◆ REQUIREMENT ◆
Wherever a line holds the word "nghiệp", copy that line from the data.

◆ COLLECTED MATERIAL ◆
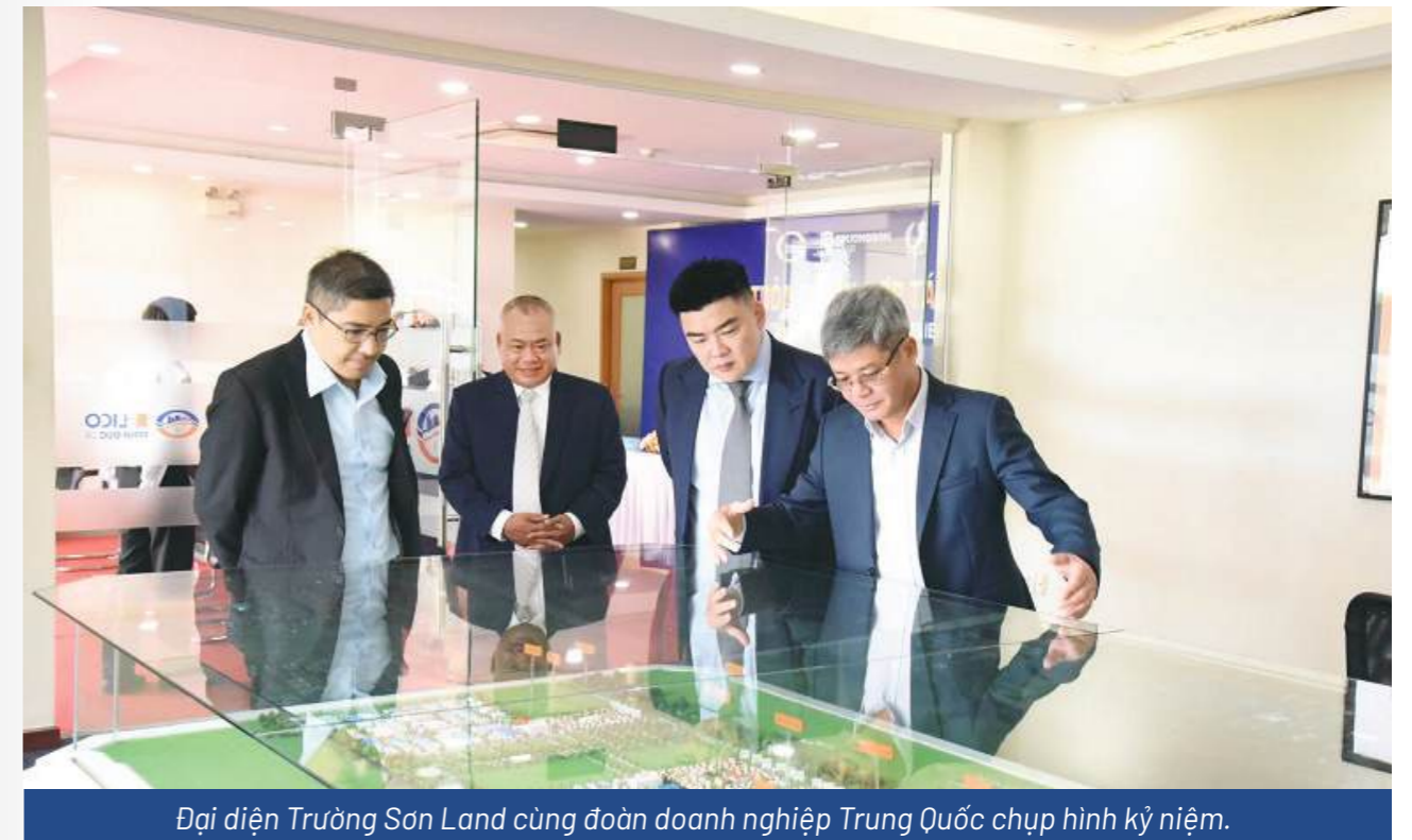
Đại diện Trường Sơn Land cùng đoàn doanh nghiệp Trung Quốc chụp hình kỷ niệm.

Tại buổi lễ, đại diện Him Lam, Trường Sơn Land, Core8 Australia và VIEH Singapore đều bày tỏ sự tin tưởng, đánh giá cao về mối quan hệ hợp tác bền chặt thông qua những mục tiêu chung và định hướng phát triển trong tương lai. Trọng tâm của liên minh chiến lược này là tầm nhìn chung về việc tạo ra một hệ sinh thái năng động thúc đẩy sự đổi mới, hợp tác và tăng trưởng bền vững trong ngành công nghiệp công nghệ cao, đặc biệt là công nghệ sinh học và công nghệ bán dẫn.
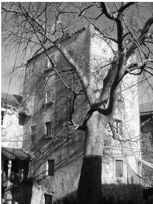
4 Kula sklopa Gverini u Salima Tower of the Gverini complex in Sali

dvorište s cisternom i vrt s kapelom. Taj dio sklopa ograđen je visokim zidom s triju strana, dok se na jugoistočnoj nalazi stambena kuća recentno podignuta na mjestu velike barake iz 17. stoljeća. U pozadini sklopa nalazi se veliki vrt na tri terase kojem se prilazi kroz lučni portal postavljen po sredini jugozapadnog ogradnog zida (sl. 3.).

◆ RESPONSE TO THE TASK ◆
Đại diện Trường Sơn Land cùng đoàn doanh nghiệp Trung Quốc chụp hình kỷ niệm.
Tại buổi lễ, đại diện Him Lam, Trường Sơn Land, Core8 Australia và VIEH Singapore đều bày tỏ sự tin tưởng, đánh giá cao về mối quan hệ hợp tác bền chặt thông qua những mục tiêu chung và định hướng phát triển trong tương lai. Trọng tâm của liên minh chiến lược này là tầm nhìn chung về việc tạo ra một hệ sinh thái năng động thúc đẩy sự đổi mới, hợp tác và tăng trưởng bền vững trong ngành công nghiệp công nghệ cao, đặc biệt là công nghệ sinh học và công nghệ bán dẫn.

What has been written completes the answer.